Sergei Koltyrin, a local museum director and critic of the excavations, was sentenced last May to nine years in prison on the same child sexual-abuse charges that Dmitriyev has fought. He died in a prison hospital less than a year later, after an appeal from prosecutors delayed his release on health grounds.
Flige, who is well-acquainted with Dmitriyev since his tenure as the head of Memorial’s chapter in Karelia, says he was someone the authorities viewed as “inconvenient.” But while she believes his arrest was likely connected to his historical research, she expressed skepticism at the idea that there was a special order to arrest him in connection with Sandarmokh.
'To End Human Memory?'
“The conflict of the individual and the state, the conflict between truth and falsification, are conflicts inherent to modern Russia. A free person sooner or later enters into a conflict with the state,” she said. “In the case of Dmitriyev, these things came together. That’s why in the popular imagination, he and Sandarmokh merged.”

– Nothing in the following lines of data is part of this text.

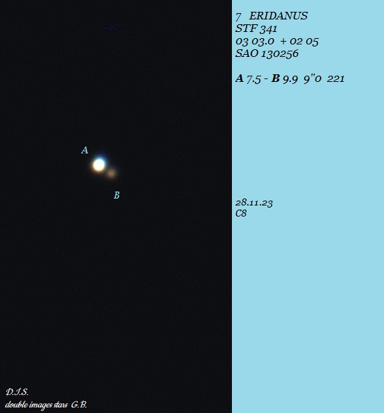 AB: bei 29x schön zusammen zu sehen mit S 502 - beide Sternpaare sind Südost-Nordwest-ausgerichtet, das Sternpaar hier ist heller und B steht entgegengesetzt zu S 502 im Nordwesten - das Sternpaar steht auch weiter auseinander - Komponente A ist hier reinweiß, B ist eine Größenklasse schwächer (sogar 1.74 mag lt. Stelle Doppie) und wirkt grau |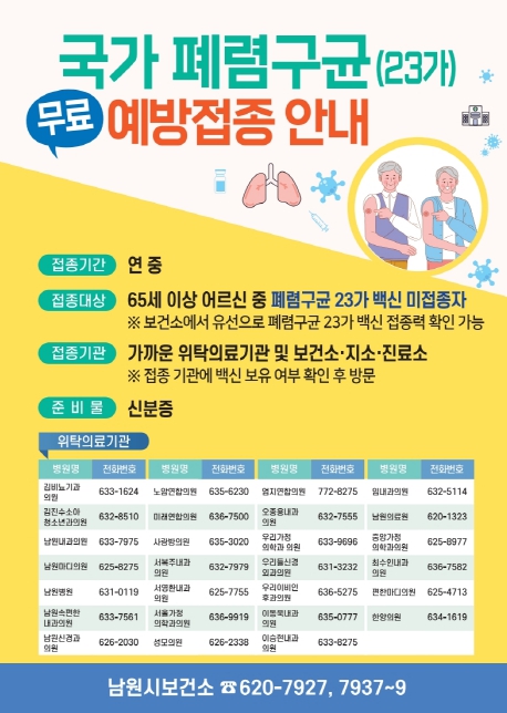 [무한뉴스=정민정 기자] 남원시가 64세 이상 어르신을 대상으로 폐렴구균 무료 예방접종을 연중 실시한다.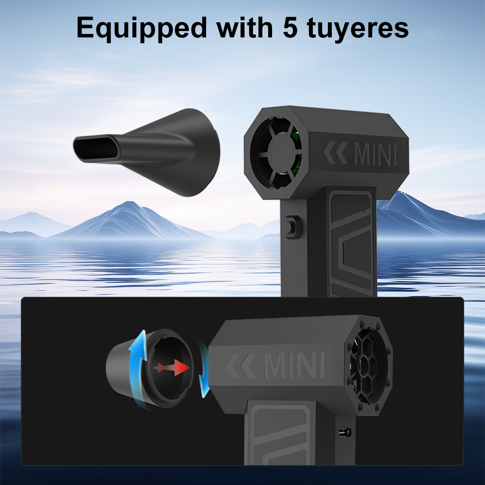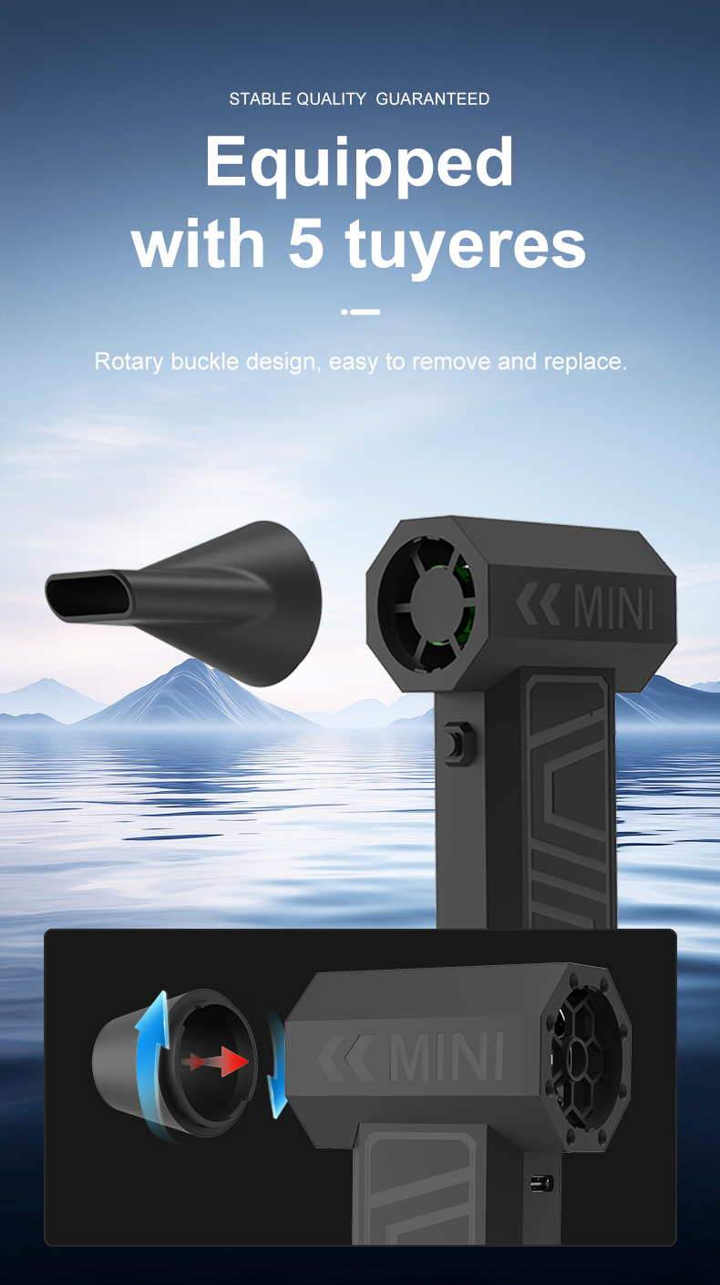 Easy to use operation:Knob stepless speed regulationThe user-friendly design of portable turbo fans ensures easy functionality. In addition, the charging board also has safe and reliable charging protection and overheating protection functions. The internal brushless motor can achieve high speeds of up to 350000RPM (revolutions per minute).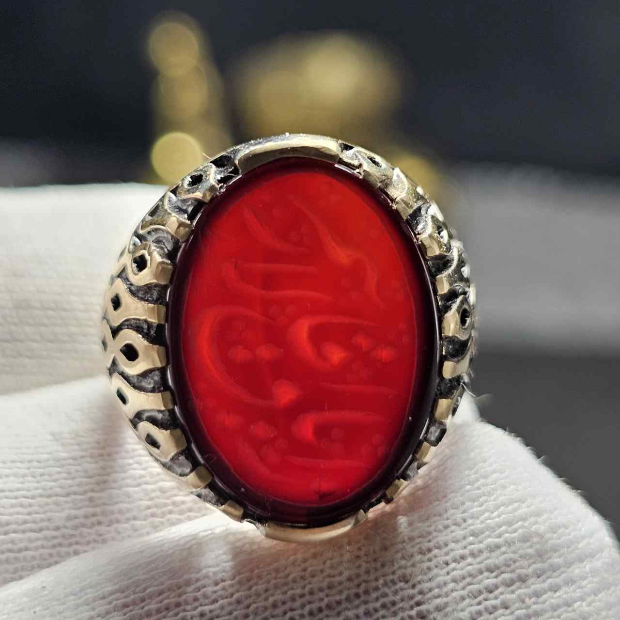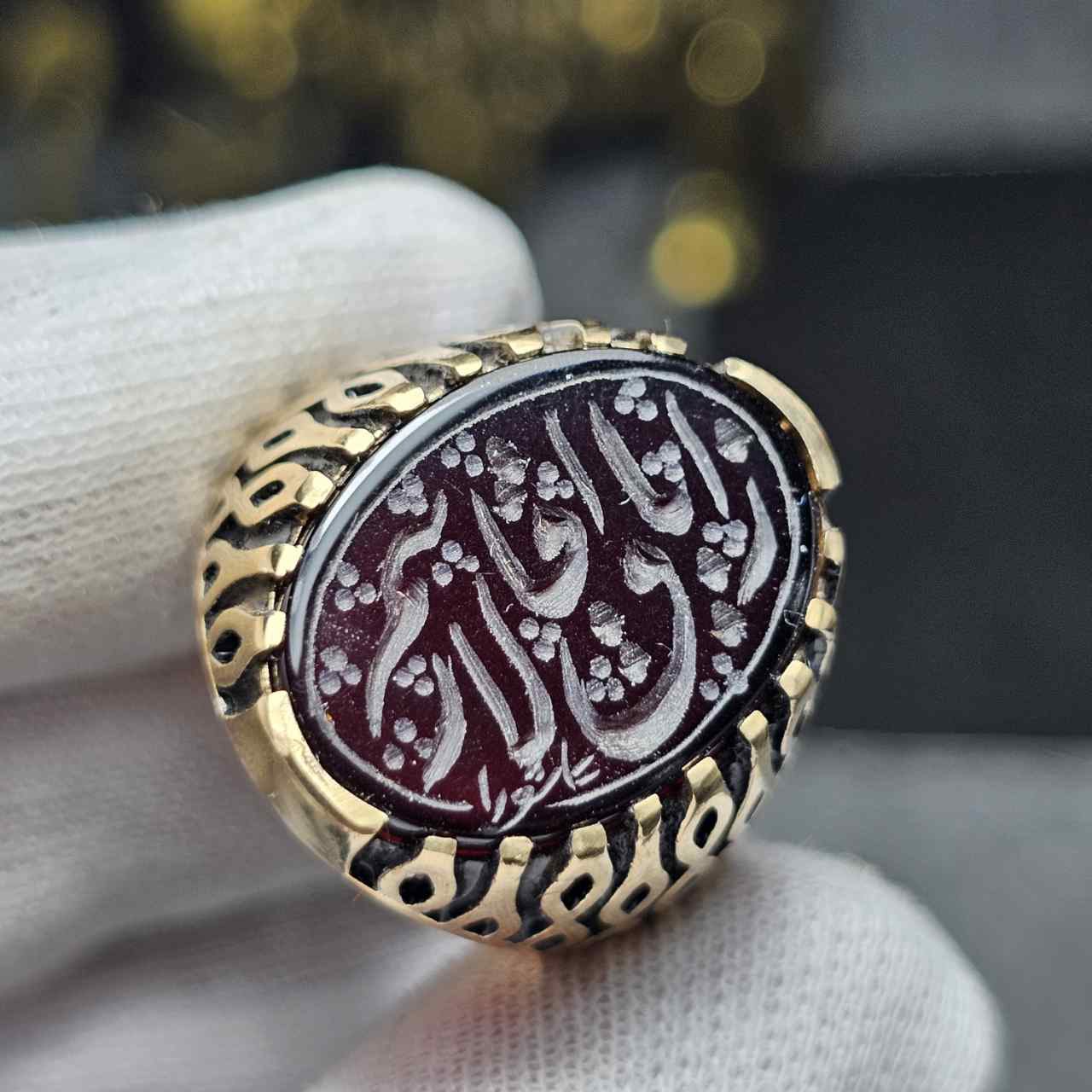 انگشتر طلا روس با سنگ عقیق جگری معدنی خط دست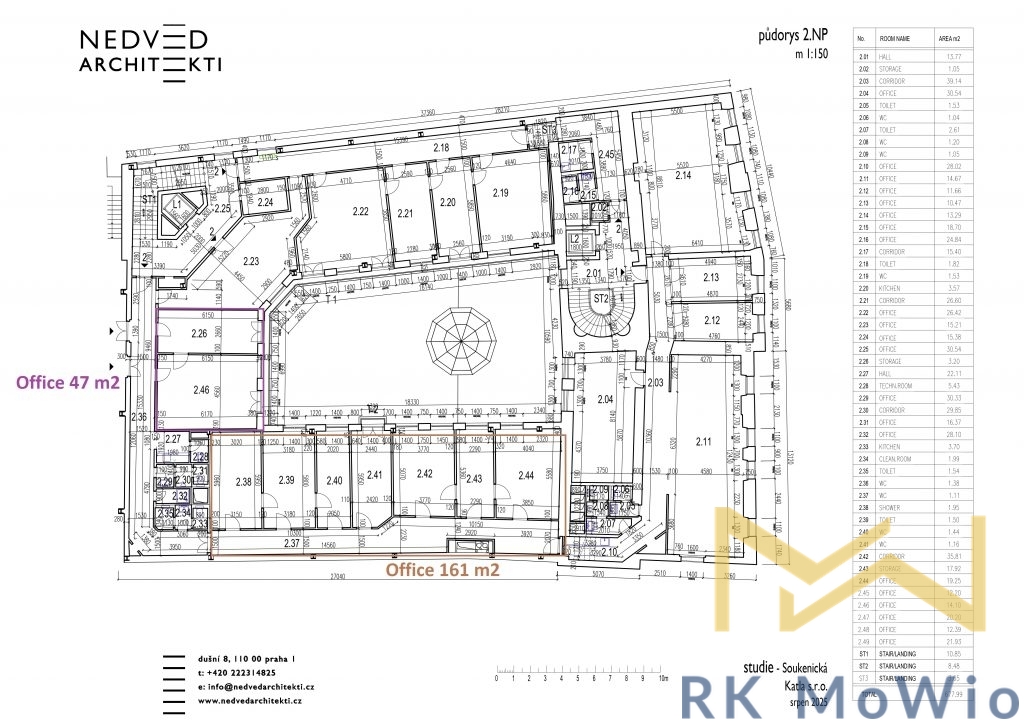 Nabízíme k pronájmu klimatizovanou kancelář o velikosti 161 m², umístěnou v 1. patře (2. nadzemní podlaží) moderní administrativní budovy, v ulici Soukenická na Praze 1 – Nové Město. Budova disponuje reprezentativními společnými prostory, recepcí, ostrahou 24/7, rychlým internetem s optickým připojením, parkingem, výtahy a výbornou dostupností. Společné prostory disponují toaletami a tichými terasami ve vnitrobloku k vybraným jednotkám. Možnost pronajmout až 4 parkovací stání za extra poplatek. Kancelářské prostory je možné upravit dle požadavků nájemce s ohledem na stanovený rozpočet majitele.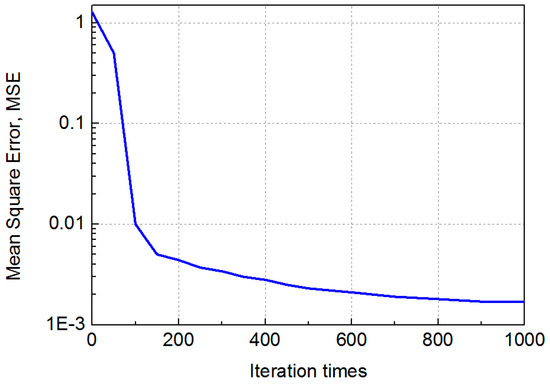 Results shown in Figure 14 and Figure 15 indicate that the performance of the MMBP algorithm is much better than the traditional RSS algorithm, where the average estimation error is significantly lowered by more than one magnitude from 14.34 cm to 1.88 cm. The accuracy along the x-axis is improved from 10.14 cm to 1.42 cm while that along the y-axis is improved from 8.55 cm to 0.88 cm. Figure 15 shows that the maximum positioning error for the traditional RSS algorithm is 26.66 cm and the error of 80% confidence is 19.31 cm. In comparison, with our proposed algorithm, the largest positioning error is only 5 cm, and the error of 80% confidence is reduced to 2.88 cm. The average positioning accuracy of MMBP algorithm is 7.6 times higher than the traditional RSS algorithm. Figure 16 shows the MSE performance with the arbitrary training data set. Compared with the results shown in Figure 10, after only 900 iterations, the mean square error of the proposed algorithm reaches the minimum value. Then we test the time cost of the algorithm and the results are shown in Table 5. We can find the positioning and training time with the arbitrary data set are only 0.005 s and 0.403 s, respectively, which are faster than the results with the even data set due to fewer hidden layer nodes and iteration times.

On July 20, in his closing statement ahead of the trial’s conclusion, Dmitriyev sought to justify the painstaking attention he gave his adopted daughter — who arrived in his family with health issues related to malnourishment — and issued a scathing rebuke of the politics of memory engaged in by President Vladimir Putin’s government, which has challenged all criticism of the Soviet Union’s conduct before, during, and after World War II and downplayed the significance of Stalinist repressions.
“For better or for worse, my road [in life] is based on retrieving from oblivion those people who died by the hands of our state, having been unjustly accused, executed, buried in forests like homeless animals,” he said, according to a transcript of the statement released without attribution by news outlet Meduza. “God gave me, perhaps, that cross to bear, but God also gave me that knowledge. Sometimes — occasionally — I find places of mass human tragedy. I match them to names and try to make of that place a place of memory, because memory is what makes a human being human.
“I completely agree with our state that those who died in [World War II] should be commemorated, because that’s part of our memory,” he continued. “That’s why, your honor, I believe that this case…was specially created with the aim of discrediting my name and casting a shadow over the graves and cemeteries of victims of Stalinist repressions, which I managed to open and to which people now flock. Why was this case started? I certainly don’t know. To end human memory? Those actions will not achieve that.”
Flige refrained from speculating about the specific reasons for Dmitriyev’s arrest, and suggested the truth may emerge in the years to come. But she said his conviction, and the controversial excavations at Sandarmokh, signal an escalation of an ongoing campaign to transform Russia’s official narrative on history in a way that relativizes at best, and whitewashes at worst, the darkest episodes of its past.
“There is a campaign aimed against objective historical research, and it’s nationwide,” she said. “But the aim is not to rewrite history. It’s to devalue it, to devalue memory. To create a hybrid history.”